Future Tense

IKEA Is Going to Start Selling Solar Panels

IKEA solar panels

“I’ll take the Billy bookcase, the Karlstad sofa, and a pack of solar panels in black.”

Photo by Melanie Conner/Getty Images

Solar panels have a difficult reputation. Some people think they’re ugly and ungainly. Others find them unaffordable, or think the economics involved are too complicated to figure out. It’s not always obvious whether they’re right for your house, or how they ought to be positioned. They’re politically fraught. They’re not something you just go out and buy at IKEA.

But maybe they will be soon. The Swedish furniture maker on Monday began selling solar panels at its U.K. stores, and is looking into offering them in other markets as well, the Wall Street Journal reports:

IKEA, best known for flat-pack furniture and inexpensive home goods, said Monday it is the first mainstream retailer to offer solar panels to everyday customers. Steve Howard, the company’s sustainability chief, said in an interview that the company aims to make the initiative into “a real business” even though selling solar panels likely won’t achieve the level of margin enjoyed elsewhere in the business.

Just because they’re available at IKEA, though, doesn’t mean the panels will be cheap, and it doesn’t mean you can easily install them at home. The stores’ solar-panel packages will start at $9,200, and ABC News notes that IKEA will partner with the Chinese energy giant Hanergy to offer customers advice, installation, and service. As for the price, the company’s pitch to U.K. customers will be that the panels will pay for themselves in energy savings within seven years.

Whether IKEA will eventually expand its solar-panel business to the United States is not yet clear. A company official told the WSJ it’s a possibility.

If IKEA solar panels do arrive stateside, they’ll find a vast market, but also some tougher and more innovative competition than they face in Britain. Not only are solar panels already sold at some major U.S. retailers, like Home Depot, but startups like SolarCity offer customers a tantalizing financial proposition. Rather than selling panels for thousands of dollars, SolarCity leases, installs, and maintains them for little or no upfront charge. Then it sells the electricity at a monthly rate, just like a traditional electric utility.
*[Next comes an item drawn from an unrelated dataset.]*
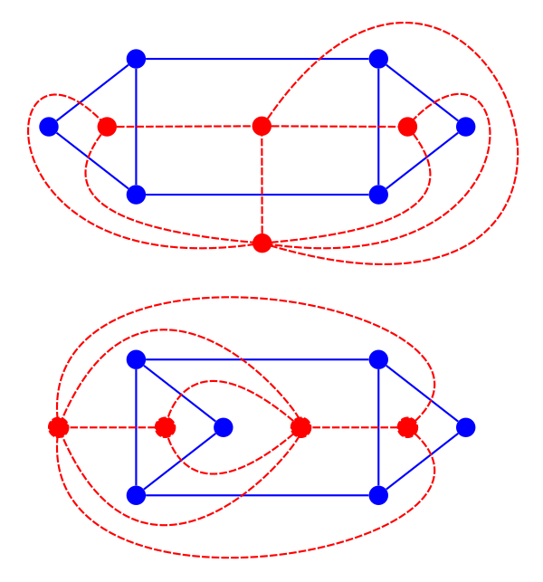 - Поскольку двойственный граф зависит от способа укладки, к одному и тому же планарному графу могут существовать несколько двойственных (неизоморфных). На рисунке красные графы не изоморфны, поскольку верхний имеет степень 6 (внешняя грань). Однако если граф 3-связен, как показал Уитни, укладка единственна, а потому и двойственный граф единственен[1].

SolarCity CEO Lyndon Rive says he welcomes IKEA’s entry into the business. “This is the latest example of consumers’ being increasingly empowered to make decisions outside of the traditional utility electricity framework,” he told me in a statement.

It will be interesting to see which model prevails. Either way, IKEA’s move represents a big bet on solar panels’ potential to shake their reputation as boondoggles and become the latest sleek status symbols for the modern home. The company has already begun the work of recasting their aesthetic image, suggesting that its solar panels resemble “flat-screen televisions.”